The simplest approach to collsion resolution is simply to move down the table from the home slot until a free slot is found. This is known as linear probing. The probe function for simple linear probing is $\textbf{p}(K, i) = i$ . That is, the $i$ th offset on the probe sequence is just $i$ , meaning that the $i$ th step is simply to move down $i$ slots in the table. Once the bottom of the table is reached, the probe sequence wraps around to the beginning of the table (since the last step is to mod the result to the table size). Linear probing has the virtue that all slots in the table will be candidates for inserting a new record before the probe sequence returns to the home position.

Can you see any reason why this might not be the best approach to collision resolution?

8.6.5 The Problem with Linear Probing

While linear probing is probably the first idea that comes to mind when considering collision resolution policies, it is not the only one possible. Probe function p allows us many options for how to do collision resolution. In fact, linear probing is one of the worst collision resolution methods. The main problem is illustrated by the next slideshow.
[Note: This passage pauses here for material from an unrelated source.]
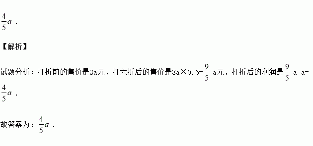 一件童装每件的进价为a元(),商家按进价的3倍定价销售了一段时间后,为了吸引顾客,又在原定价的基础上打六折出售,那么按新的售价销售,每件童装所得的利润用代数式表示应为 元.

Again, the ideal behavior for a collision resolution mechanism is that each empty slot in the table will have equal probability of receiving the next record inserted (assuming that every slot in the table has equal probability of being hashed to initially). This tendency of linear probing to cluster items together is known as primary clustering. Small clusters tend to merge into big clusters, making the problem worse.

The problem with primary clustering is that it leads to long probe sequences, which increases execution time. However, linear probing is still a very common probing method, because it is so simple and can be implemented efficiently.